- **ACTIVITY**:
The copy you return should hold only the lines from the top of the data below through the line with "This paper provides", each duplicated exactly and with no pictures.

- **SUPPLIED MATERIAL**:
___

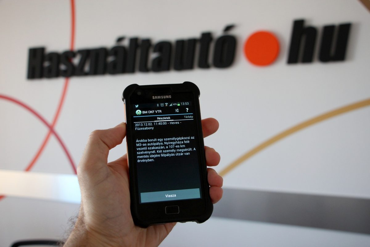 Ehhez nem kell mást tenni, mint az egyelőre még csak bétaverziójával és csakis Android operációs rendszerrel elérhető, tesztüzemben „BM OKF VTR (Belügyminisztérium Országos Katasztrófavédelmi Főigazgatóság Vészhelyzeti Tájékoztató Rendszer) névre hallgató, de névadás előtt álló, krízishelyzeti tájékoztató applikációt telepíteni telefonunkra. Beállíthatjuk, hogy az ország teljes területére vagy csak egy-egy régióra, netán csupán GPS-pozíciónk környékére vonatkozóan kívánunk-e információkat kapni az úttorlaszokról, útlezárásokról. Cikkünk írásakor például az alkalmazásból megtudhattuk, hogy december 2-án 11:40-kor „Árokba borult egy személygépkocsi az M3-as autópálya Nyíregyháza felé vezető szakaszán, a 107-es km szelvénynél. Két személy megsérült. A mentés idejére félpályás útzár van érvényben.. Az arra autózóknak bizonyára hasznos infó ez még akkor is, ha emiatt vélhetően nem alakul ki komoly torlódás, hiszen ez csupán egy kék színű tájékoztatás. Érdemes tudni, hogy a sárga, (2-es szintű) üzenetek már figyelmeztetések, míg a vörösek (3-as szint) riasztásnak minősülnek, azokat nem szabad félvállról venni.[BANNER type="1"]
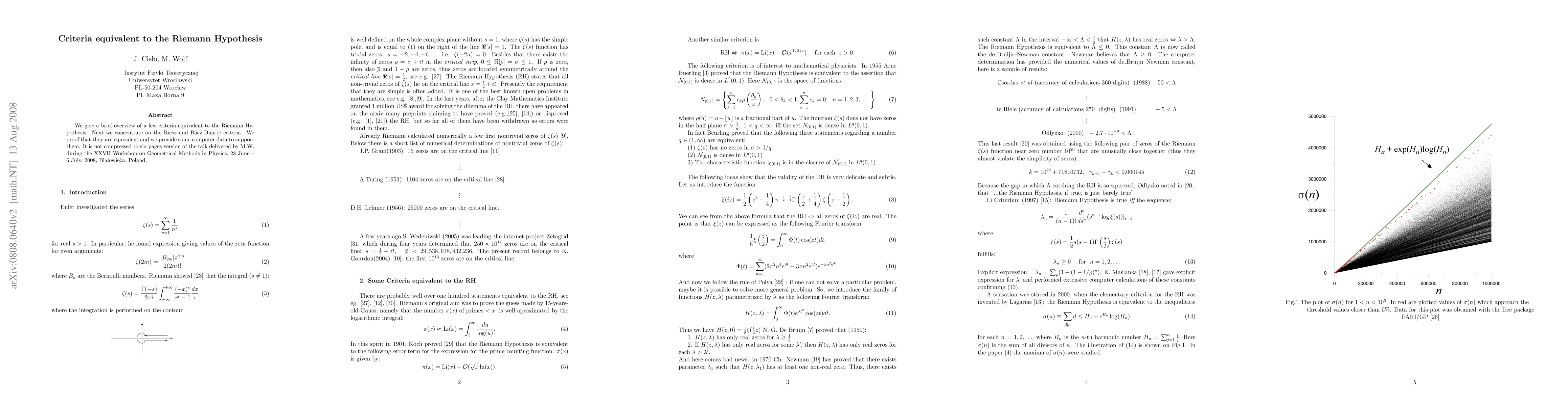 This paper provides an overview of criteria equivalent to the Riemann Hypothesis, focusing on the Riesz and Báez-Duarte criteria, and proves their equivalence with supporting computational data. The findings were presented at the XXVII Workshop on Geometrical Methods in Physics in Białystok, Poland.
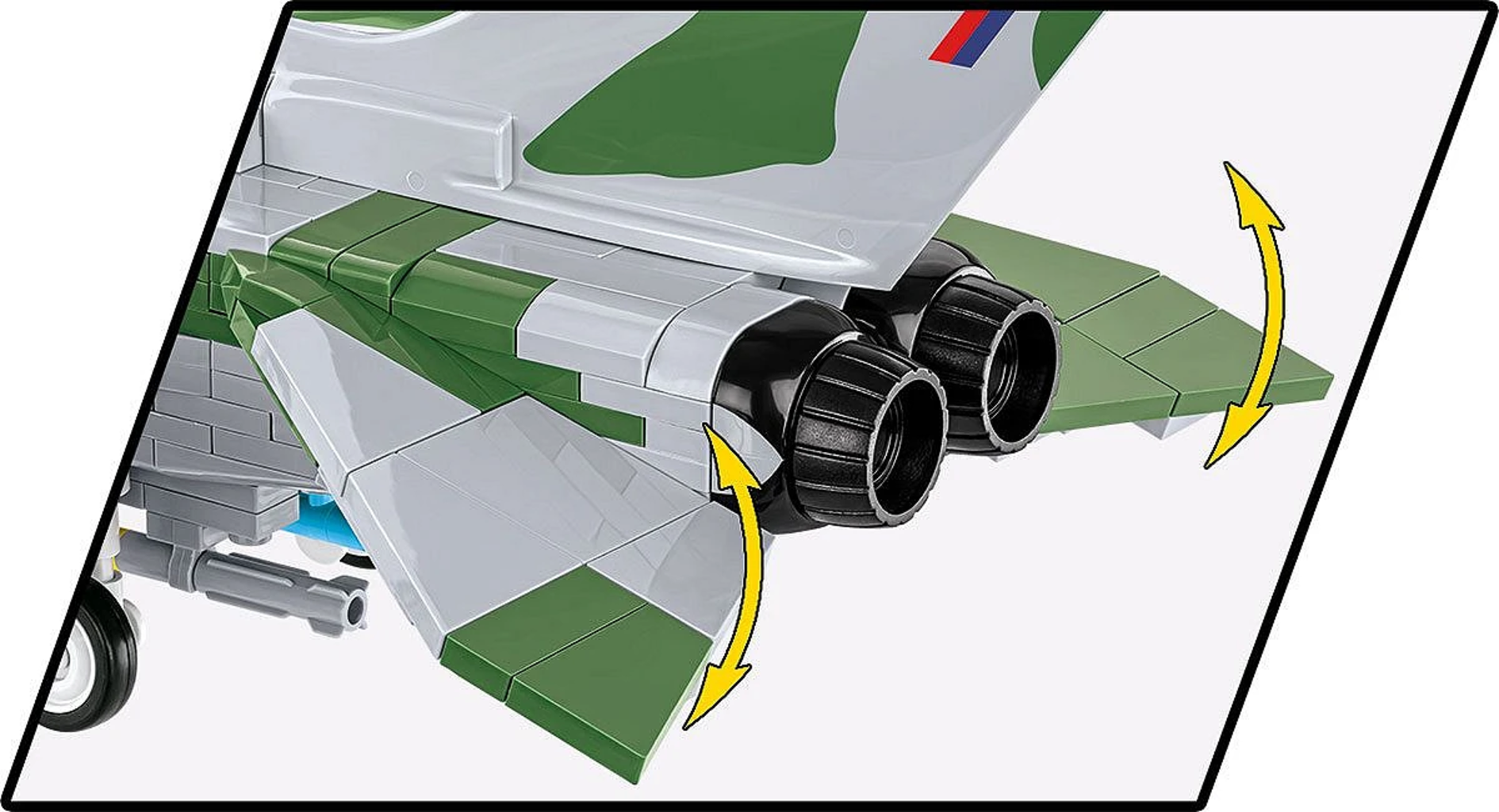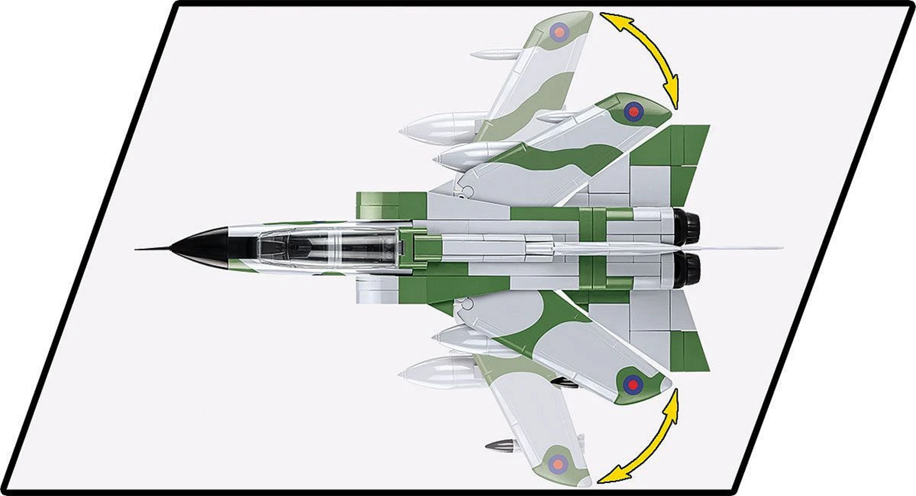 El Panavia Tornado destaca en una versión especial con un exclusivo diseño de camuflaje, pensado para realzar su impacto visual. Sus alas de geometría variable reproducen fielmente el funcionamiento del avión real y pueden orientarse para simular vuelos a alta velocidad.

___

- **SOLUTION TO THIS EXERCISE**:
 Ehhez nem kell mást tenni, mint az egyelőre még csak bétaverziójával és csakis Android operációs rendszerrel elérhető, tesztüzemben „BM OKF VTR (Belügyminisztérium Országos Katasztrófavédelmi Főigazgatóság Vészhelyzeti Tájékoztató Rendszer) névre hallgató, de névadás előtt álló, krízishelyzeti tájékoztató applikációt telepíteni telefonunkra. Beállíthatjuk, hogy az ország teljes területére vagy csak egy-egy régióra, netán csupán GPS-pozíciónk környékére vonatkozóan kívánunk-e információkat kapni az úttorlaszokról, útlezárásokról. Cikkünk írásakor például az alkalmazásból megtudhattuk, hogy december 2-án 11:40-kor „Árokba borult egy személygépkocsi az M3-as autópálya Nyíregyháza felé vezető szakaszán, a 107-es km szelvénynél. Két személy megsérült. A mentés idejére félpályás útzár van érvényben.. Az arra autózóknak bizonyára hasznos infó ez még akkor is, ha emiatt vélhetően nem alakul ki komoly torlódás, hiszen ez csupán egy kék színű tájékoztatás. Érdemes tudni, hogy a sárga, (2-es szintű) üzenetek már figyelmeztetések, míg a vörösek (3-as szint) riasztásnak minősülnek, azokat nem szabad félvállról venni.[BANNER type="1"]
 This paper provides an overview of criteria equivalent to the Riemann Hypothesis, focusing on the Riesz and Báez-Duarte criteria, and proves their equivalence with supporting computational data. The findings were presented at the XXVII Workshop on Geometrical Methods in Physics in Białystok, Poland.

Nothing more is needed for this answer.